On Sun, Oct 19 2008, Avi Kivity wrote:
> Jens Axboe wrote:
> 
>  
> 
> >> Sounds like a bug.  Shouldn't Linux disable the write cache unless the 
> >> user explicitly enables it, if NCQ is available?  NCQ should provide 
> >> acceptable throughput even without the write cache.
> >>     
> >
> > How can it be a bug? 
> 
> If it puts my data at risk, it's a bug.  I can understand it for IDE,
> but not for SATA with NCQ.

Then YOU turn it off. Other people would consider the lousy performance
to be the bigger problem. See policy :-)

> > Changing the cache policy of a drive would be a
> > policy decision in the kernel, 
> 
> If you don't want this in the kernel, then the system as a whole should
> default to being safe.  Though in this case I think it is worthwhile to
> do this in the kernel.

Doesn't matter how you turn this, it's still a policy decision. Leave it
to the user. It's not exactly a new turn of events, commodity drives
have shipped with write caching on forever. What if the drive has a
battery backing? What if the user has an UPS?

> > that is never the right thing to do.
> > There's no such thing as 'acceptable throughput',
> 
> I meant that performance is not completely destroyed.  How can you even

How do you know it's not destroyed? Depending on your workload, it may
very well be dropping your throughput by orders of magnitude.

> compare data safety to some percent of performance?

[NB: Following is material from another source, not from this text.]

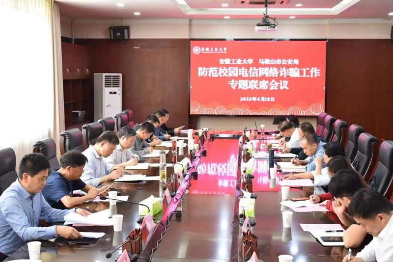 为进一步加强校园反诈防骗宣传教育力度,促进“无诈学校”创建,4月18日下午,学校与马鞍山市公安局在警校共建机制下,召开防范校园电信网络诈骗工作专题联席会议。校党委副书记祖明,马鞍山市公安局党委委员、副局长汪俊生出席会议。党委宣传部、学生工作部、研究生工作部、安...

I'm not, what I'm saying is that different people will have different
opponions on what is most important. Do note that the window of
corruption is really small and requires powerloss to trigger. So for
most desktop users, the tradeoff is actually sane.

> >  manufacturers and
> > customers usually just want the go faster stripes and data consistency
> > is second. 
> 
> What is the performance impact of disabling the write cache, given
> enough queue depth?

Depends on the drive. On commodity drives, manufacturers don't really
optimize much for the write through caching, since it's not really what
anybody uses. So you'd have to benchmark it to see.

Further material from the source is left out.